In one of the largest data leaks in social media history, Cambridge Analytica, a London-based political consulting firm linked with US President Donald Trump’s 2016 election campaign, allegedly extracted Facebook data from 50 million user accounts without consent. A loophole in the social network’s application programming interface or API allowed a third-party to collect data through its apps of not only the app users but also from their friends network. The firm is accused of creating psychological profiles to influence how people vote or even think about politics and society or “behavioural microtargeting with psychographic messaging” that could have affected the polls.
The exposé, which prompted Facebook CEO Mark Zuckerberg to publicly apologise for the “breach of trust” was done by a whistleblower who has also claimed illegal funding by the Brexit campaigners, that questions the legality of the referendum, besides triggering a debate on data privacy practices across the world. A rare probe has been launched by the US Federal Trade Commission. In India, data theft allegations reached Prime Minister’s doorstep, with a French researcher tweeting that Prime Minister's official application “NarendraModi.in” has been sending personal information of its users to a third-party data analytics website in.wzrkt.com without the users’ consent. (Down To Earth tried accessing in.wzrkt.com but it failed to open and the google listing for the site said “no information is available for this page”). Fact-checking website Alt News verified the claim and found it to be true despite the privacy policy in place then that clearly stated “Your personal information and contact details shall remain confidential and shall not be used for any purpose other than our communication with you. The information shall not be provided to third parties in any manner whatsoever without your consent.” It was, however, changed, without any user intimation, to: “Certain information may be processed by third party services to offer you a better experience.”
Pratik Sinha, co-founder of Alt News, says, “The issue becomes much bigger since he (Modi) is the prime minister of the country. At least that is the position people want to trust. And instead of being upfront about it, which at least Facebook was, the privacy policy was secretly changed.”
Even Congress has been facing criticism for its possible link with Cambridge Analytica ahead of the 2019 general elections, with the whistleblower testifying that the party had employed the controversial firm for certain "regional projects".
Sinha says the central issue is that the psychological quiz app that passed on the data to Cambridge Analytica “need not be the only app at that point of time” and that once Facebook digs out details of other apps that had a similar access during the period, “we will see what sort of apps gained that level of data and whether it still exists somewhere and has been utilised for Indian electoral purposes”.

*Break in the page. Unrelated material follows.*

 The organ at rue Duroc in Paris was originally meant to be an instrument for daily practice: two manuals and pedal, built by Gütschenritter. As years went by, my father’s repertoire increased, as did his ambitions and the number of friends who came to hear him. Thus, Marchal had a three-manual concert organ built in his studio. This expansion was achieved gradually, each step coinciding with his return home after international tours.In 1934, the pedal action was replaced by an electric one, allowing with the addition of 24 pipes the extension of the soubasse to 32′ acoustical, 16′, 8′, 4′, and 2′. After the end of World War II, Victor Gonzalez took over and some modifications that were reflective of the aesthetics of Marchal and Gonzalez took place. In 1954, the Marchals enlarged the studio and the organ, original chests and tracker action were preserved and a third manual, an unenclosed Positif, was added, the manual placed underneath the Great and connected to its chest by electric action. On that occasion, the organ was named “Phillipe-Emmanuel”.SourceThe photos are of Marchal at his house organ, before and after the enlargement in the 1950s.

Sinha added that as bad actors are always present in a system who abuse it and its loopholes, the central blame of the data leak falls on Facebook because it was responsible to guard the users’ data. He also raises a question that if Facebook had plugged the gap in 2015 as they claim, for how long is that data valid and how it can be used in influencing elections.
Osama Manzar, Founder and Director, Digital Empowerment Foundation says data privacy protections currently in place are “no longer enough to encompass all the technological advances made in the past two decades”.
“India is in the process of making a data protection law and this process needs to be expedited. The existing provisions in the IT Act are not stringent enough. The law should adopt and adapt the EU's General Data Protection Regulation (GDPR), which is set to come into force this May. The GDPR places strict collection on the purposes that data can be collected and how it can be processed. It has a provision for the right to be forgotten, which ensures that residents can ask that their data be deleted from databases under the right circumstances,” he adds. Google has also recently updated its EU User Consent Policy to reflect the new legal requirements of the GDPR.
Both Sinha and Manzar agree that the way forward is digital literacy and awareness, especially in a country like India where there are many first-time internet users. “A lot of people work with the default settings, so the other question is the know-how. People do want to post pictures and their personal moments (on social media). In that case, we should be well aware of these privacy laws... At the end of the day, you are dealing with your own data. Just the way when you walk out of the bank, you look at your passbook very carefully, (in the digital world) you should be careful about the permissions you are giving to an app. The challenge is that we are not taught through our education as to how to deal with this expression of data,” Sinha says. “Initially, it will need a conscious effort but over the time, it will become a subconscious activity similar to how we look at both left and right while crossing the road.”
Manzar adds that privacy policies need to be understandable by the common people and not be written in complicated, legal language, especially in India that has language barriers and low literacy rates. “Strict onus of accountability needs to be placed on bodies that collect data,” he says, adding that there needs to be a regulation of such platforms “but what is the right kind of regulation needs to be debated. In a country like India, with the current political climate, regulation left solely to the government might do more harm than good.”